■ WHAT NEEDS TO BE DONE:
Would you copy only the lines below, from the one containing "Couleurs vives et" through the very last one, leaving the pictures out?

■ DATASET EXTRACT:
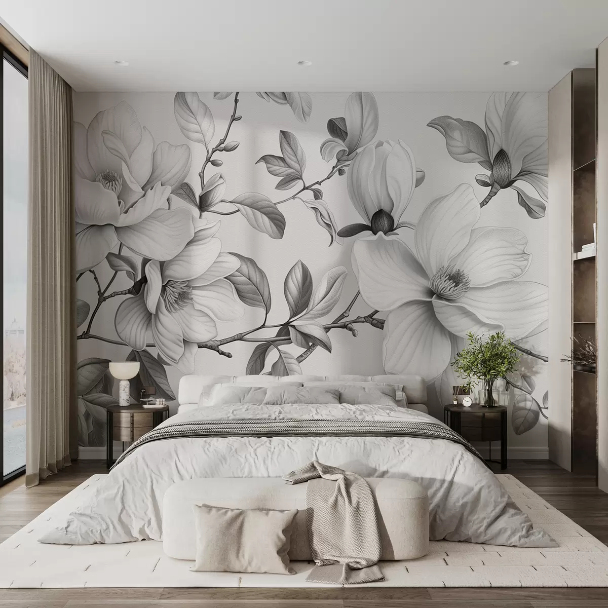 Papier peint L'élégance du magnolia monochrome N° w01429
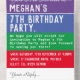 Couleurs vives et design audacieux dans Stripes. 7ème anniversaire invitation all-in-one carte. Invitations à la fête du 7e anniversaire.
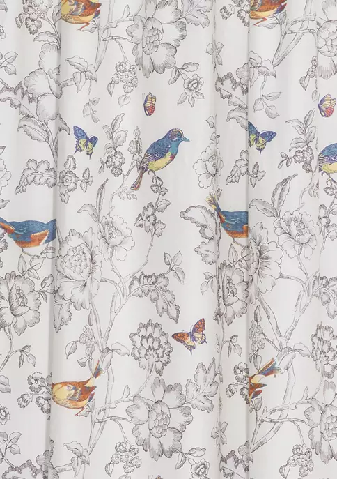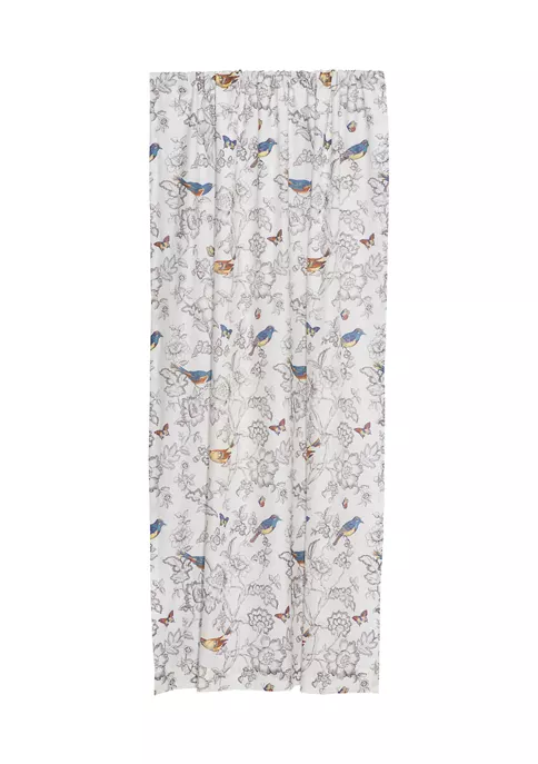 The Mockingbird curtain panel complements the Mockingbird bedding collection but can be used to accessorize any window in your home. This window panel features a gorgeous floral toile in charcoal and white, accented with birds in orange, rust, red, teal, and blue, and will complement so many design choices. One of the most popular collections, Mockingbird is inspired by traditional french toiles. It is the perfect accessory for any bedroom, family room, living room, or den. Made from 100% cotton, the Mockingbird drape panel is easy to care for. One 84-inch long drape panel is included in the purchase (55 inches wide).
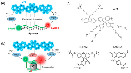 - Nguyen, B.L.; Jeong, J.E.; Jung, I.H.; Kim, B.; Le, V.S.; Kim, I.; Kyhm, K.; Woo, H.Y. Conjugated polyelectrolyte and aptamer based potassium assay via single- and two-Step fluorescence energy transfer with a tunable dynamic detection range. Adv. Funct. Mater. 2014, 24, 1748–1757. [Google Scholar] [CrossRef]

■ SOLUTION TO THIS PROBLEM:
 Couleurs vives et design audacieux dans Stripes. 7ème anniversaire invitation all-in-one carte. Invitations à la fête du 7e anniversaire.
 The Mockingbird curtain panel complements the Mockingbird bedding collection but can be used to accessorize any window in your home. This window panel features a gorgeous floral toile in charcoal and white, accented with birds in orange, rust, red, teal, and blue, and will complement so many design choices. One of the most popular collections, Mockingbird is inspired by traditional french toiles. It is the perfect accessory for any bedroom, family room, living room, or den. Made from 100% cotton, the Mockingbird drape panel is easy to care for. One 84-inch long drape panel is included in the purchase (55 inches wide).
 - Nguyen, B.L.; Jeong, J.E.; Jung, I.H.; Kim, B.; Le, V.S.; Kim, I.; Kyhm, K.; Woo, H.Y. Conjugated polyelectrolyte and aptamer based potassium assay via single- and two-Step fluorescence energy transfer with a tunable dynamic detection range. Adv. Funct. Mater. 2014, 24, 1748–1757. [Google Scholar] [CrossRef]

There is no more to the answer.